Quelles perspectives pour la reprise et le travail de demain, selon le niveau de ressources cognitives et sociales des salariés ?

Sachant que le « travail de demain » est peut-être celui d’aujourd’hui ! Et qu’il a commencé à se dessiner lors du confinement. Durant cette période inédite en effet, les collaborateurs ont dû revoir leurs modes de travail en toute autonomie ou presque, par la force des choses. Expérimentant au fil de l’eau, autorégulant leurs pratiques, ils souhaitent désormais participer pleinement à la réflexion sur l’organisation du travail dans leur entreprise. 49 % des répondants de l’étude Cog’X envisagent d’ailleurs cette consultation comme « très importante », voire « prioritaire » ! Dès lors, comment procéder ? Les entreprises vont devoir trouver la manière la plus pertinente d’associer leurs collaborateurs aux décisions à prendre. Le retour sur site, à temps partiel ou complet, constitue un premier test. Car les attentes des collaborateurs s’avèrent contrastées ! Si la sécurité sur le lieu de travail vient en tête des préoccupations d’une majorité de répondants (39 %), la possibilité de continuer à télétravailler (26 %) ou de bénéficier de rythmes de travail adaptés (25 %) est également très présente. On constate une nouvelle fois de grandes disparités selon que les télétravailleurs disposent d’un niveau de ressources cognitives et sociales favorable ou non. En ce qui concerne l’évolution des modes de travail précisément, plusieurs méthodes peuvent être envisagées : des « ateliers de projection » collective, des expérimentations par équipes ou services… Avec comme fil rouge la nécessité de prendre soin des salariés sur le plan cognitif et social. Le care va-t-il constituer un nouvel axe stratégique pour les organisations, au niveau du management notamment ?   Précipitée par le confinement, l’évolution des modes de travail et de collaboration doit désormais faire l’objet d’arbitrages. Dans cette perspective, il est important de prendre en compte la « variabilité » des ressources cognitives et sociales dont disposent les individus ainsi que les leviers susceptibles de leur éviter de les dilapider. Car l’efficacité professionnelle, le bien-être au travail, l’engagement, en dépendent. Ce faisant, la « consolidation » économique des entreprises et leur pérennité, également.      

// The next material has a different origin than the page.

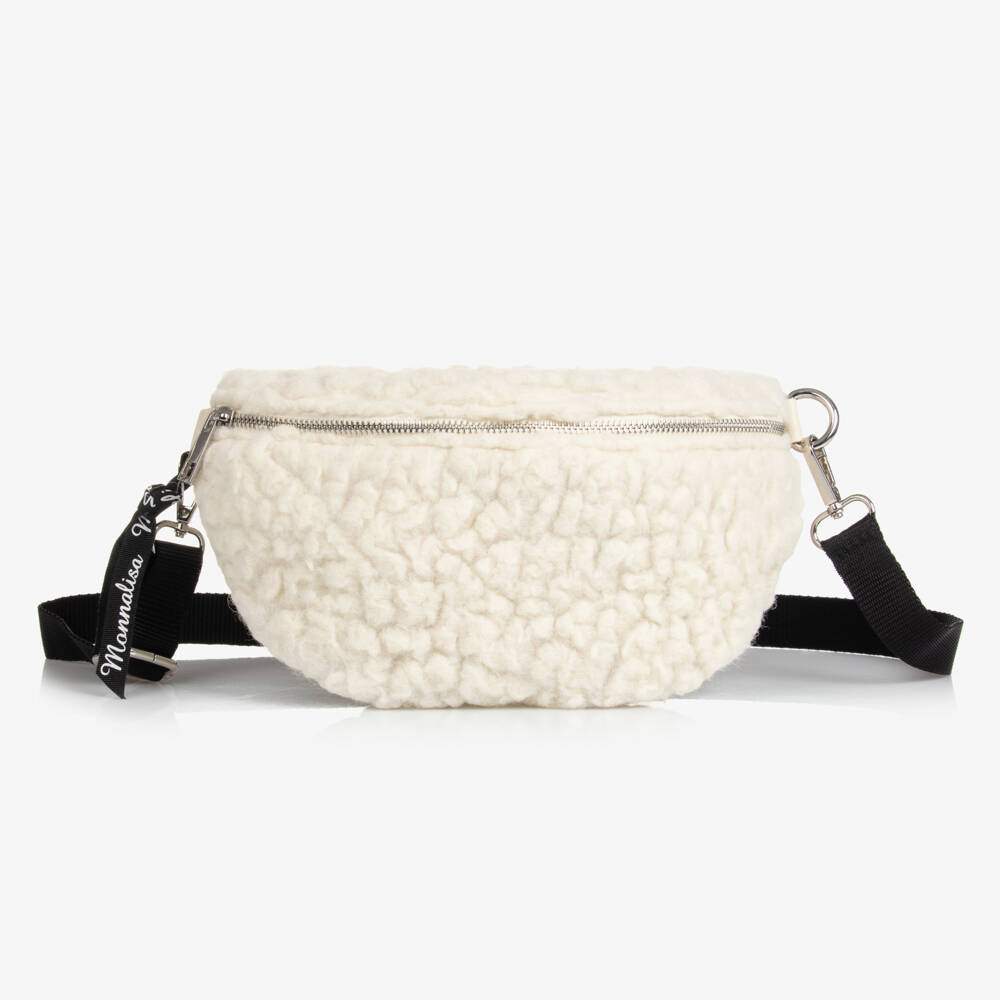 Ivory shoulder bag for girls by Monnalisa, made in soft sherpa fleece. Opening with a branded zip, the main compartment is fully lined and has an interior zip pocket to help organise small essentials. There is branded logo tape on one side and a detachable strap which can be adjusted for the right fit.

[1] Le cabinet de conseil et d’étude Cog’X a été cofondé par Gaëtan de Lavilléon, Marie Lacroix, Emma Vilarem, tous trois docteurs en neurosciences, Pierre Bonnier, expert en étude utilisateur, Olivier Charbonnier et Hugo Bertacchini, experts en transformation.
[2] Parmi les répondants, 77 % ont télétravaillé 5 jours par semaine, 12 % étaient en télétravail réduit, et 8% en alternance avec des journées sur le lieu de travail.
[3] Les auteurs de l’étude précisent que celle-ci consiste en une « photographie », et non une étude d’impact. Établir des liens de cause à effet nécessiterait en effet de croiser les informations recueillies avec d’autres, relevées dans des contextes « approchants » ou non, sur un panel de collaborateurs similaire et à des périodes données, etc.